Contrast that record with the SEC, from which six programs emerged with a total of 21 football national championships since 1953. SEC teams routinely crowd the polls. Alabama, victor over Clemson in the College Football Playoff earlier this calendar year, has 11 titles, nearly double the ACC's total. SEC teams have been dominant nationally in recent seasons, winning an unprecedented seven consecutive titles from 2006 through 2012.
Lately ACC football has gained traction on the national stage, thanks to strong NFL drafts, numerous bowl tie-ins and significant postseason victories. Yet, at least until the ESPN hype machine cranks up, the SEC is regarded as clearly superior.
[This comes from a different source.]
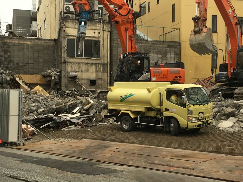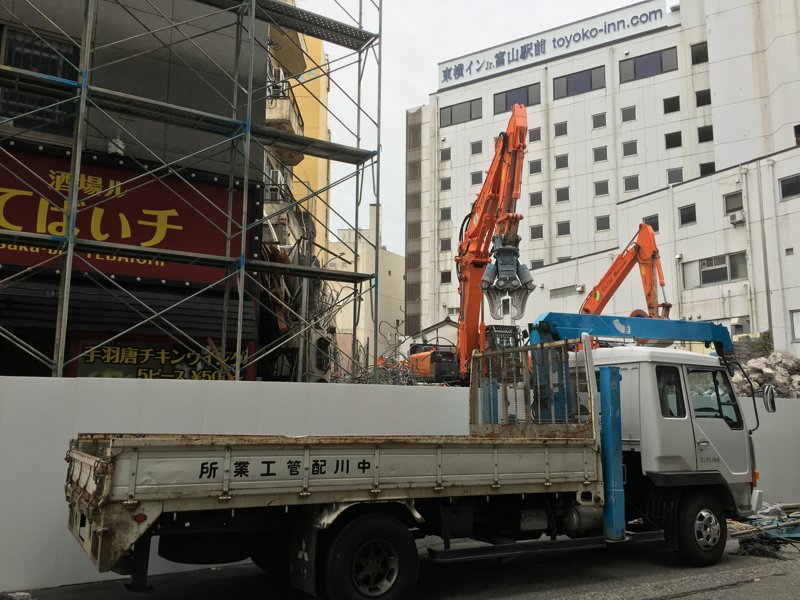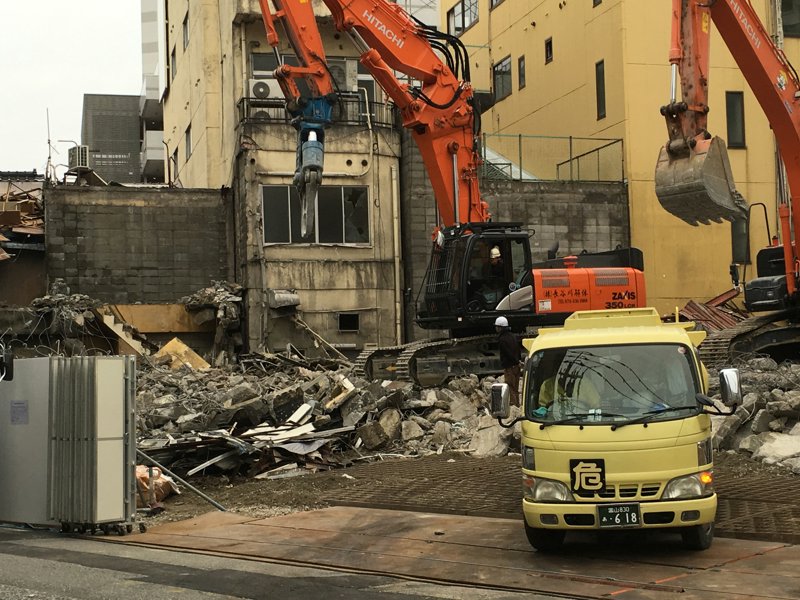 淡々と進む工事、つい数か月前まではここに賑わいが

The story is rather different in men's basketball, the sport for which the ACC is most celebrated. ACC teams have long filled the polls, particularly the top 10. For years the conference was considered the standard of measure in the sport, a position it's regained the past two seasons with seven programs reaching the NCAA regional finals.
For a season-long measure, consider the final Associated Press polls over the last 10 years. All but twice (2007 and 2010) the ACC had at least a pair of teams in the top 10. Over the past decade 21 ACC squads made the final top 10 (Duke eight times, UNC six).
The SEC had a total of seven representatives in the top 10 during that same decade, never more than one at a time and three years none at all. The last time the ACC had no teams in the top 10 was the 1960 season, prior to the birth of eight of 15 current league coaches.
Since the ACC's inaugural 1953-54 season its programs have won more NCAA championships (13) than the SEC (8, plus three by Kentucky prior to '54). The diversity of the ACC's top achievers in NCAA play is broader than that of the SEC, which for years was handicapped by state laws and customs precluding many of its teams from competing against integrated schools.
Of course, in comparing the ACC and SEC, if all else fails there's always the tried and true assertion any tension is a figment of fevered media imaginations. These days everybody appears on smiling terms, soon to be siblings in the same lucrative ESPN family. Ultimately that shared interest may only stoke the smoldering competitive fires if the network thinks the rivalry will boost ratings.